■ What the exercise asks: Every line of the data below should be retyped exactly, with no images carried over.

======== Extracted data ========

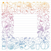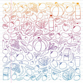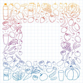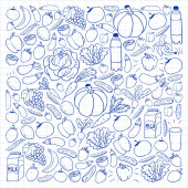 Wektor wzór z zdrowej żywności. Owoce i warzywa. Mleko, produkty mleczne. Wzór do sklepu, centrum handlowe, menu, kawiarnia, Restauracje.
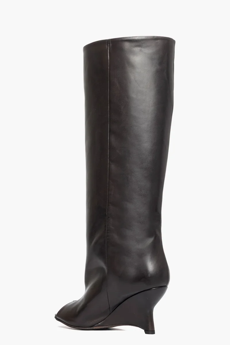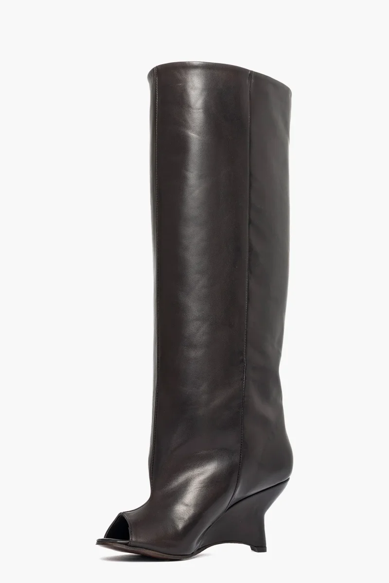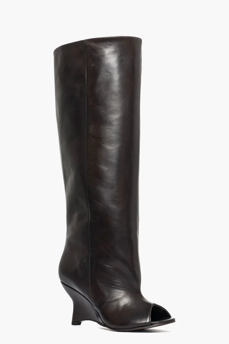 Stivale con gambale ampio circa 46/48 cm in pelle nero, punta aperta, al ginocchio, privo di cerniera, con zeppa rivestita, altezza 8.5. Calzano regolari, punta tonda. Calzature artigianali, made in Italy.
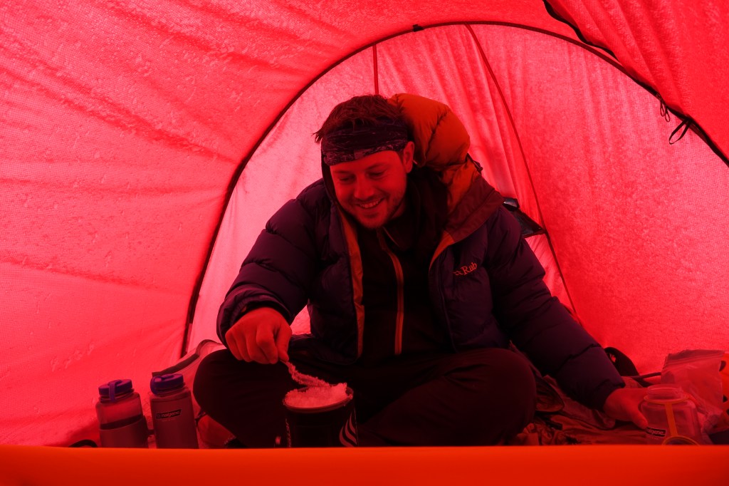 There is one trial that every mountaineer must pass when camping high. A tedious task that is absolutely necessary; melting ice and snow for drinking water. Not only does it take ages (needing to melt roughly 10 times as much snow for a given amount of water) but the end result is hardly aqua vitae. Still, needs must, especially when there’s tea to be brewed. With night quickly settling in and the temperature falling fast, there was little else to do but to nestle into our sleeping bags. The one issue was the thickly falling snow piling up our tent, threatening to collapse it. There was little option but to regularly shake the tent from the inside, hoping to dislodge the build-up of snow without causing the tent to fall in around us! I can’t pretend that it was the comfiest night’s sleep I’ve ever had. Two guys in a small tent in the cold results in a fair amount of condensation, which unfortunately results in a thick layer of hoar frost on the inside.
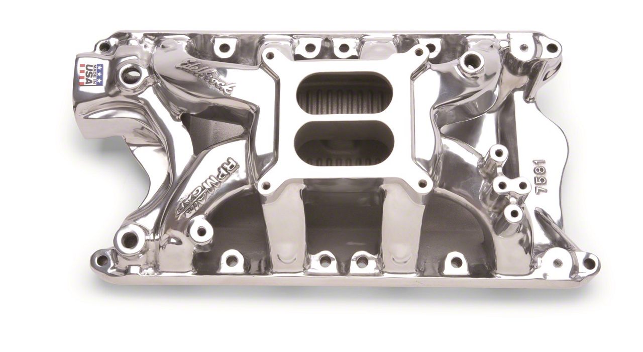Based on performer RPM-series with unique air gap. Air gap cooler and denser mixture for more power. Designed for 1500 to 6500 RPM. Improve performance on the street or race track.Larger cross-sectional area and taller card flange. Compatibility with large displacement 351W based engines. For 4 bbl carbs. Available in cast, polished and endurashine finish.
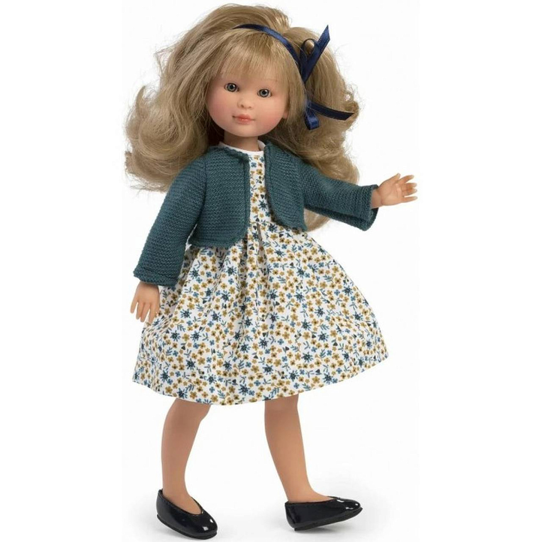 - Одета в красивое цветочное платье и вязаное болеро изумрудного цвета. На ножках лакированные балетки темно-синего цвета. На голове красуется атласная ленточка в цвет ботиночек.
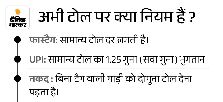 इसके बाद टोल का भुगतान केवल फास्टैग (FASTag) या UPI जैसे डिजिटल माध्यमों से ही हो सकेगा। NHAI का उद्देश्य टोल ऑपरेशन को ज्यादा पारदर्शी और सही बनाना है। अभी देश के 1,150 से ज्यादा टोल प्लाजा पर इलेक्ट्रॉनिक टोल कलेक्शन सिस्टम लागू है।
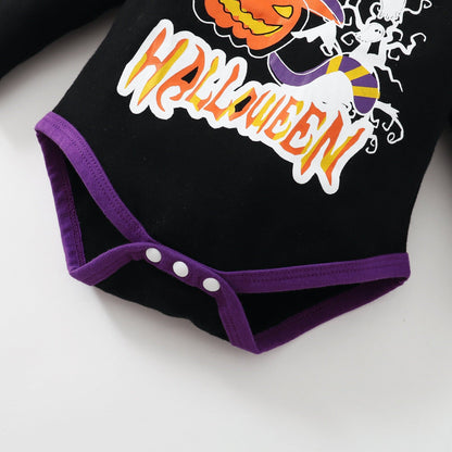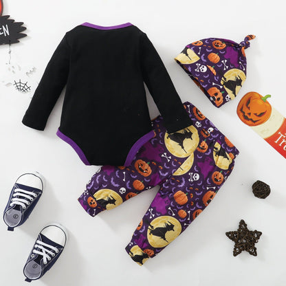 3PCS Baby Halloween Pumpkin and Witch Long-sleeve Romper Set with Hat
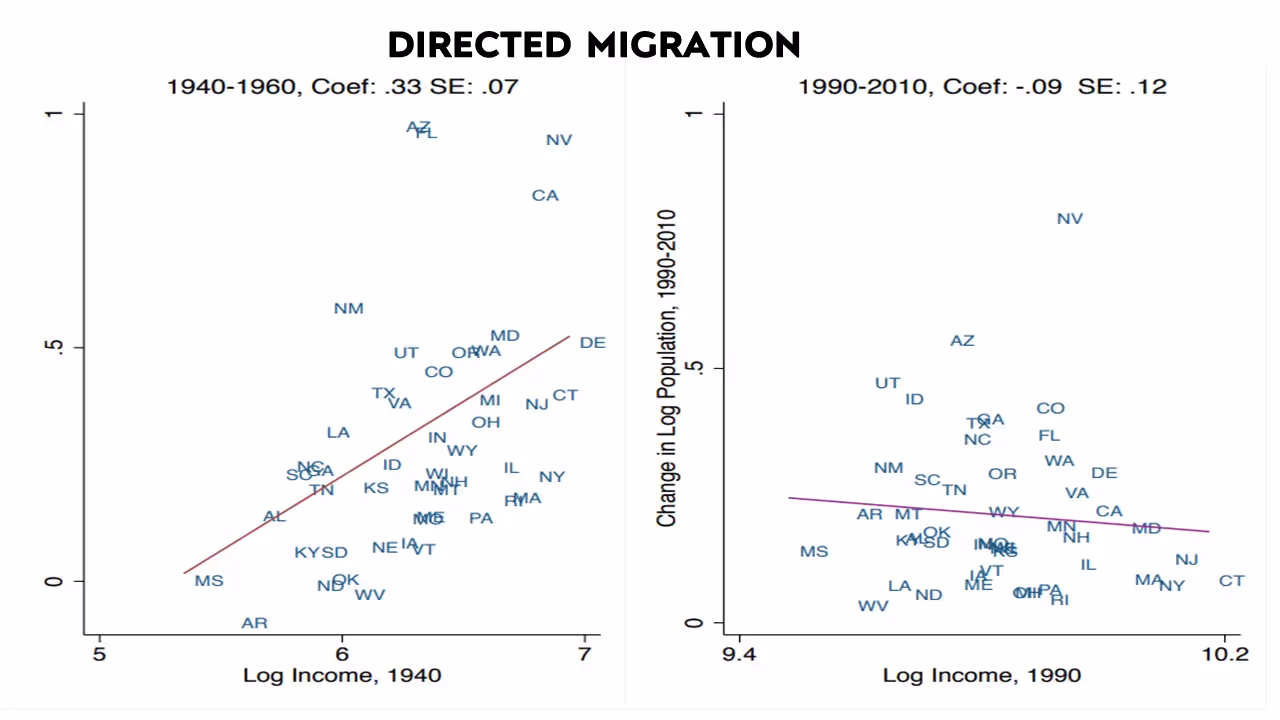 This is directed migration where people are moving to the richest parts of the country. Here is where we were in the more recent period where that is not happening. We have divided postwar U.S. history into two periods: a period where people are moving to the richest parts of the country, convergence happens, and the poor states catch up to the rich states. Then in the more recent period, both of those trends slow, or even disappear. And the question is, why? This paper links these trends to a change in the way we build or the change in housing prices and regulations.
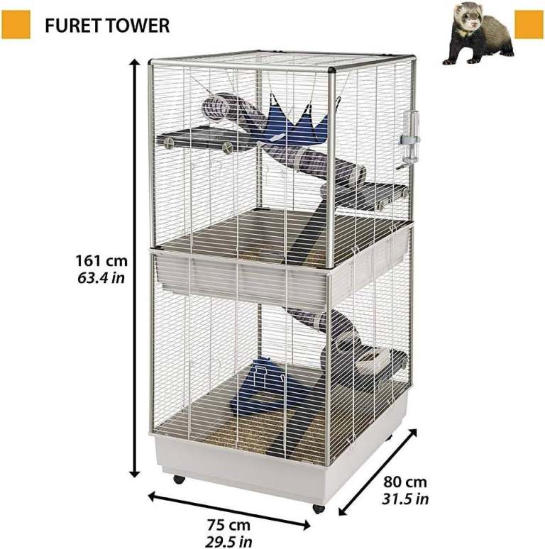 Large ferret cage with a two-storey structure for maximum living comfort, connected with shelves and tubes. This cage is currently £ 398 on amazon

========

■ Expected output:
 Wektor wzór z zdrowej żywności. Owoce i warzywa. Mleko, produkty mleczne. Wzór do sklepu, centrum handlowe, menu, kawiarnia, Restauracje.
 Stivale con gambale ampio circa 46/48 cm in pelle nero, punta aperta, al ginocchio, privo di cerniera, con zeppa rivestita, altezza 8.5. Calzano regolari, punta tonda. Calzature artigianali, made in Italy.
 There is one trial that every mountaineer must pass when camping high. A tedious task that is absolutely necessary; melting ice and snow for drinking water. Not only does it take ages (needing to melt roughly 10 times as much snow for a given amount of water) but the end result is hardly aqua vitae. Still, needs must, especially when there’s tea to be brewed. With night quickly settling in and the temperature falling fast, there was little else to do but to nestle into our sleeping bags. The one issue was the thickly falling snow piling up our tent, threatening to collapse it. There was little option but to regularly shake the tent from the inside, hoping to dislodge the build-up of snow without causing the tent to fall in around us! I can’t pretend that it was the comfiest night’s sleep I’ve ever had. Two guys in a small tent in the cold results in a fair amount of condensation, which unfortunately results in a thick layer of hoar frost on the inside.
Based on performer RPM-series with unique air gap. Air gap cooler and denser mixture for more power. Designed for 1500 to 6500 RPM. Improve performance on the street or race track.Larger cross-sectional area and taller card flange. Compatibility with large displacement 351W based engines. For 4 bbl carbs. Available in cast, polished and endurashine finish.
 - Одета в красивое цветочное платье и вязаное болеро изумрудного цвета. На ножках лакированные балетки темно-синего цвета. На голове красуется атласная ленточка в цвет ботиночек.
 इसके बाद टोल का भुगतान केवल फास्टैग (FASTag) या UPI जैसे डिजिटल माध्यमों से ही हो सकेगा। NHAI का उद्देश्य टोल ऑपरेशन को ज्यादा पारदर्शी और सही बनाना है। अभी देश के 1,150 से ज्यादा टोल प्लाजा पर इलेक्ट्रॉनिक टोल कलेक्शन सिस्टम लागू है।
 3PCS Baby Halloween Pumpkin and Witch Long-sleeve Romper Set with Hat
 This is directed migration where people are moving to the richest parts of the country. Here is where we were in the more recent period where that is not happening. We have divided postwar U.S. history into two periods: a period where people are moving to the richest parts of the country, convergence happens, and the poor states catch up to the rich states. Then in the more recent period, both of those trends slow, or even disappear. And the question is, why? This paper links these trends to a change in the way we build or the change in housing prices and regulations.
 Large ferret cage with a two-storey structure for maximum living comfort, connected with shelves and tubes. This cage is currently £ 398 on amazon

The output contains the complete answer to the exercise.